Weekly News Update on the Americas

Mexico: police shoot up US embassy car

A group of Mexican federal police agents attacked a US embassy car at around 8 am on Aug. 24 in the state of Morelos just of south of Mexico City, near the Mexico City-Cuernavaca highway. The police agents shot a number of times at the car, lightly wounding two US officials who were traveling with a member of the Mexican Navy to a nearby Navy training installation. The embassy car had diplomatic license plates, while the federal police were reportedly traveling in four unmarked vehicles.

Dominican Republic: stateless 'Haitians' arrested for demonstrating

Police agents stopped a group of Dominican youths of Haitian descent from marching on Aug. 13 in Monte Plata, in the central province of the same name, to demand that the government respect their rights as citizens. The protesters, members of the youth movement Reconoci.do, were trying to march from the city's central part to the local Civil Status office, the registry for identification documents. According to the group's spokesperson, Ana María Belique, the protesters applied for a permit from the Monte Plata government but were turned down on the grounds that they weren't Dominicans and had no right to demonstrate. When they attempted to march without a permit, a police contingent commanded by a Col. Antígua dispersed them with tear gas, arresting eight protesters. Three of those arrested were beaten by an agent from the robbery unit identified only as "Papo," who told them to hold their demonstrations in "their country."

Guatemala: military removes squatters in capital —twice

After living on land in the center of Guatemala City since January, a group of about 100 impoverished families were forced to move at least twice during the week of Aug. 13 as the result of an eviction order obtained by the Defense Ministry, which claims the property. Defense Ministry spokesperson Col. Erick Escobedo said the National Coordinator for Disaster Reduction had mandated the eviction on the grounds that the land was unstable; the disaster agency didn't return phone calls when the Associated Press tried to confirm Escobedo's statement.

Colombia: fired GM workers go on hunger strike

As of Aug. 15 a total of 13 former employees of GM Colmotores, the Colombian subsidiary of the Detroit-based General Motors Company (GM), were continuing a liquids-only hunger strike they began on Aug. 1 to demand reinstatement and compensation for injuries they say they received on the job. According to the protesters, the company fired them after they received disabling injuries at the Colmotores factory, which employs about 1,800 workers just outside Bogotá. The company denies the workers' accusations.

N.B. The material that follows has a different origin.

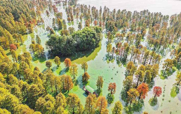 眼下,正是其色彩最丰富的“渐变期”。从空中俯瞰,万株池杉像一柄柄色彩各异的“雨伞尖”,错落有致地扎根在水面。若是选择坐在游船上缓缓前行,穿梭其间,宛如行在画里。微风拂过,枝叶轻摇,光影荡漾,一派“树在水中生,影在画中动”的幽静意境。
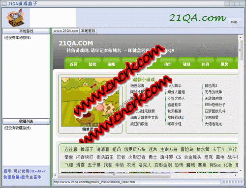 21QA游戏盒子-绿色版,使用此软件可以浏览、收集、下载上万个小游戏,游戏下载到本地后,即使不能上网时,游戏也可以轻松玩,应广大用户的要求,此版本新增一个功能,使用Ctrl + Alt + h可以快速隐藏以及显示软件主窗体。

Chile: students reject government's new tax law

Chilean high school students occupied two important schools in Santiago on Aug. 13, after taking over at least eight public high schools the week before in a continuation of protests for educational reform that started more than a year ago. The students occupied the Barros Arana National Boarding School (INBA) and the prestigious High School of Implementation. They also tried to take over the José Miguel Carrera National Institute but gave up when police contingents arrived. Agents arrested 14 youths allegedly involved in the actions, which were supported by hundreds of students.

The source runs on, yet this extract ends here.